When it comes to affairs of the heart, age may play a small part, but one of the realities of a May-September relationship is financial planning.
If you're in a wide age-gap marriage, it's probable that you have children from a previous relationship. You want to provide for their futures while at the same time ensure the financial security of your new, younger spouse. A few personal aspects must be taken into consideration - namely life expectancy, health, children and retirement plans.
In a nutshell, your younger spouse's life expectancy is likely twice as long as yours; it's probable that your health will decline first; chances are you want to leave some of your estate to your children; and you need to consider the financial ramifications of your younger partner retiring when you do. Remember, if your 40-something spouse retires 20 years early, the impact will be felt on your household income, future Social Security benefits and retirement plan contributions.
Those are the basic issues. Here are a few options to assist with the financial security of your younger spouse, children from a previous marriage and perhaps offspring from this current union.
Tax-deferred accounts, like a Roth IRA or Rollover IRA, make good sense for your spouse's financial future. A Roth IRA allows you to contribute at any age while you're earning income and lets the money grow until you take a distribution. A Rollover IRA is a regular IRA comprised of rolled-over retirement assets. Minimum distributions begin at age 70½, but if your spouse is significantly younger than you, the withdrawal period can be stretched over many years.
Having adequate life insurance coverage will not only assist a younger spouse in the event of a partner's death, it can also help provide for children.
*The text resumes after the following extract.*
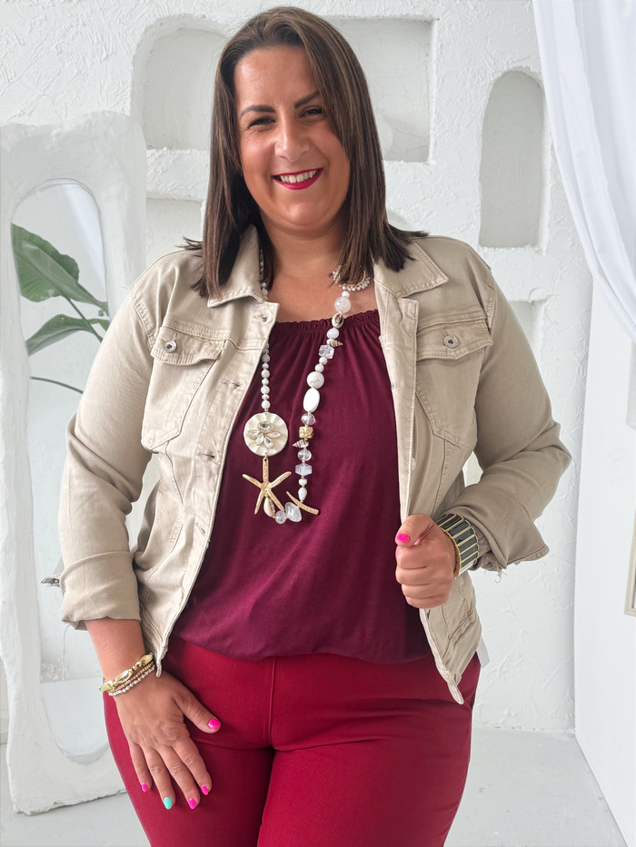 Džínová bunda elastická béžová do 4XL

Don't take this suggestion lightly. Obtain a policy early in the relationship before either of you becomes uninsurable.
Look into long-term care insurance. The annual cost may be several thousand dollars, but that sure beats what you will face if stricken with an extended infirmity.
If you are not married, think seriously about a prenuptial agreement.
Also, make sure that you have a current estate plan that includes a trust or two. Assets held in trust can not be challenged by the courts and you can select an independent trustee to take the heat off of your spouse or children, depending on who may feel slighted.
Before deciding which measures best fit your needs have a heart-to-heart talk about your financial situation and investment objectives. Love may know no bounds, but funds are not without their limits.